**DIRECTIONS FOR THIS TASK:**
Without adding anything, give again the lines from the one holding "This wooden watch" through the final line of the records, exactly, with both ends included and pictures dropped.

**DATASET:**

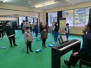 業前の時間にみどりの部屋で音楽集会を行いました。
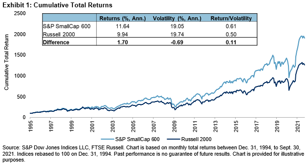 For over 11 years, S&P Dow Jones Indices has been exploring the long-term, persistent outperformance of the S&P SmallCap 600® relative to the Russell 2000. As shown in Exhibit 1, the S&P 600TM has outperformed the Russell 2000 by 1.70% on an annualized basis from Dec. 31, 1994, to Sept. 30, 2021. The S&P 600 has also experienced slightly lower volatility.
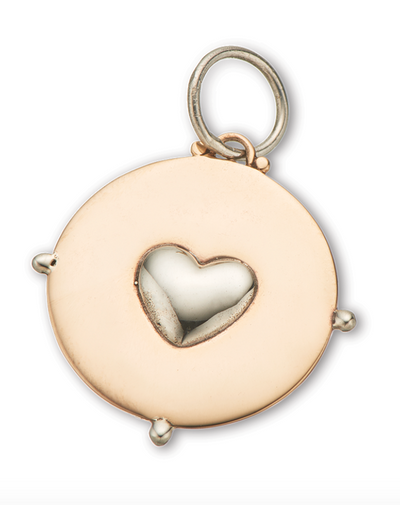The circle heart charm is a large sized charm 26 x 26mm and is handcrafted from bronze with a raised sterling silver heart motif and dotted detailing around the frame. The circle heart charm is part of the ‘from the heart’ collection which was inspired by CEO Anna Dimond's love of hearts. The 'from the Heart' range symbolises love in anyone’s language and is the perfect charm offering for the special people in your life for any occasion.
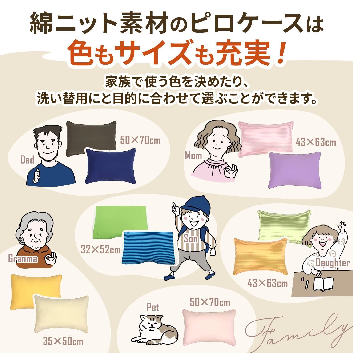 Tシャツのようなやわらかい肌触りのニット生地を使用したピロケース。吸水性の良い綿100%の生地でオールシーズン使用可能です。
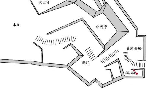 32. 番所曲輪から本丸鉄門跡への石段と小天守台
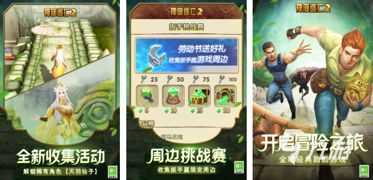 《神廟逃亡2》是一款超經(jīng)典的跑酷手游。游戲?yàn)橥婕掖蛟炝艘粋€(gè)充滿玄幻的神廟跑酷賽道,你要在賽道上快速的跑酷,脫離身后追擊的怪物,跑酷賽道上會(huì)有各種障礙設(shè)置,你需要快速的反映操控人物躲避障礙,同時(shí)你也有機(jī)會(huì)在跑酷的過(guò)程中撿到有利的道具,這些道具有不同的效果且都是可以免費(fèi)獲得的,游戲的自由度非常高,你能在這里展開(kāi)一場(chǎng)冒險(xiǎn)刺激的跑酷之旅。
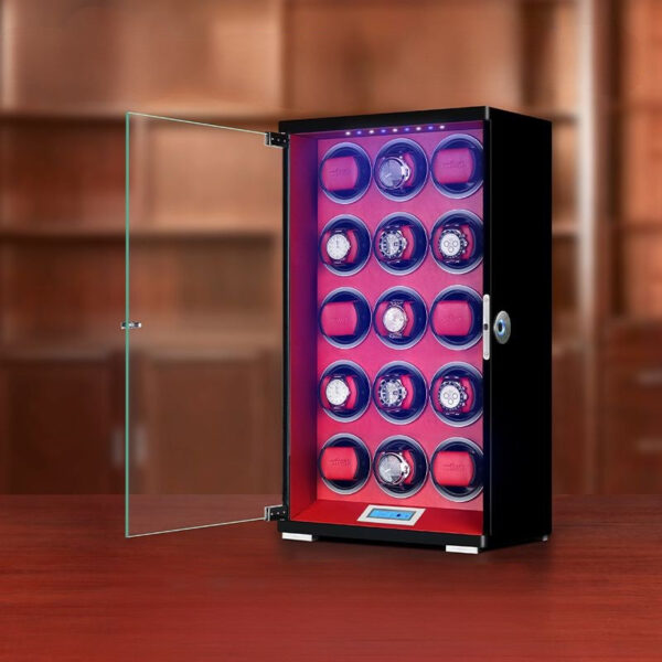 This wooden watch winding box is made of soft and durable microfiber leather, and its surface is treated with mirror-like piano paint, giving it a stylish and refined appearance. Designed in two classic colors and multiple watch winder: black and red for single and multiple watch, easy to choose. The newly upgraded semiconductor fingerprint recognition of this luxury automatic winder for watch is faster and safer. The killing rate of ultraviolet germicidal lamp is 99%, which can effectively prevent the spread of bacteria. It adopts a new generation of constant speed silent motor and fully enclosed design, so it operates quietly without causing interference. Smart touch screen design, more flexible and convenient.
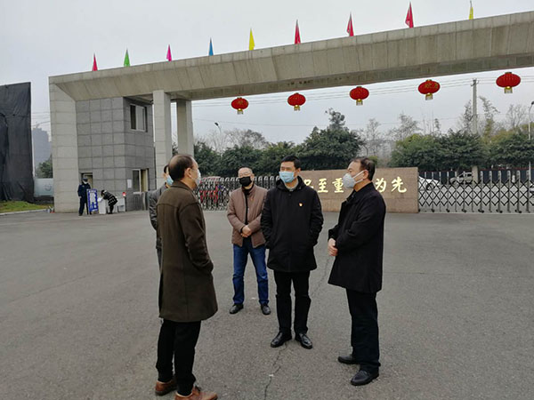 (2月10日,什邡市委組織部部長彭良深入公司一線,檢查公司的防疫情況,并送來慰問品。)
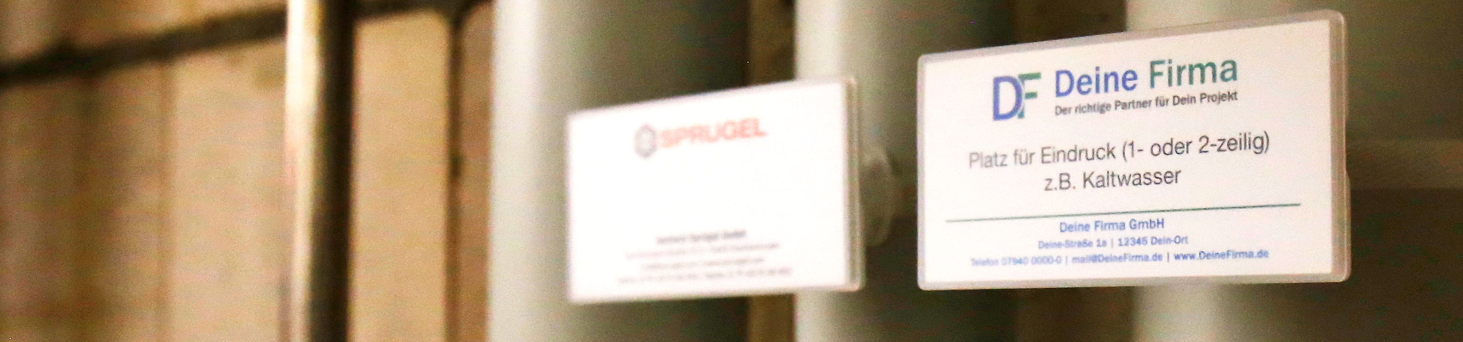 Sie erhalten von uns eine passende Vorlage, in der Sie die Beschriftung (Warmwasser, Kühlwasser Rücklauf...) vornehmen und anschließend in die Vordrucke eindrucken. Jetzt nur noch die Sebsycards beim Kunden anbringen und dauerhaft präsent sein!
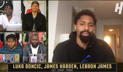 快速比分10月2日讯 今日,篮网后卫斯潘塞-丁威迪参加了一档节目。 主持人向他提问,让他在火箭后卫詹姆斯-哈登、独行侠球员卢卡-东契奇和湖人前锋勒布朗-詹
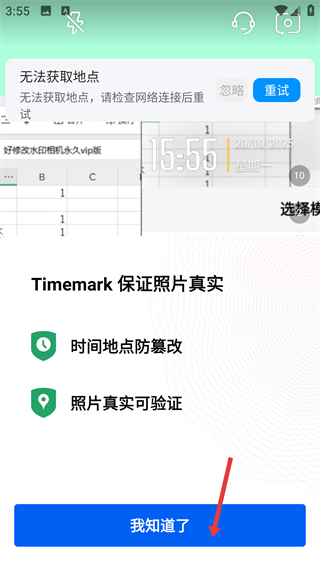 3、若出現無法獲取地點提示可查看相關說明了解Timemark保證照片真實的功能,之后點擊我知道了繼續后續流程。

**FINISHED TASK:**
 This wooden watch winding box is made of soft and durable microfiber leather, and its surface is treated with mirror-like piano paint, giving it a stylish and refined appearance. Designed in two classic colors and multiple watch winder: black and red for single and multiple watch, easy to choose. The newly upgraded semiconductor fingerprint recognition of this luxury automatic winder for watch is faster and safer. The killing rate of ultraviolet germicidal lamp is 99%, which can effectively prevent the spread of bacteria. It adopts a new generation of constant speed silent motor and fully enclosed design, so it operates quietly without causing interference. Smart touch screen design, more flexible and convenient.
 (2月10日,什邡市委組織部部長彭良深入公司一線,檢查公司的防疫情況,并送來慰問品。)
 Sie erhalten von uns eine passende Vorlage, in der Sie die Beschriftung (Warmwasser, Kühlwasser Rücklauf...) vornehmen und anschließend in die Vordrucke eindrucken. Jetzt nur noch die Sebsycards beim Kunden anbringen und dauerhaft präsent sein!
 快速比分10月2日讯 今日,篮网后卫斯潘塞-丁威迪参加了一档节目。 主持人向他提问,让他在火箭后卫詹姆斯-哈登、独行侠球员卢卡-东契奇和湖人前锋勒布朗-詹
 3、若出現無法獲取地點提示可查看相關說明了解Timemark保證照片真實的功能,之后點擊我知道了繼續后續流程。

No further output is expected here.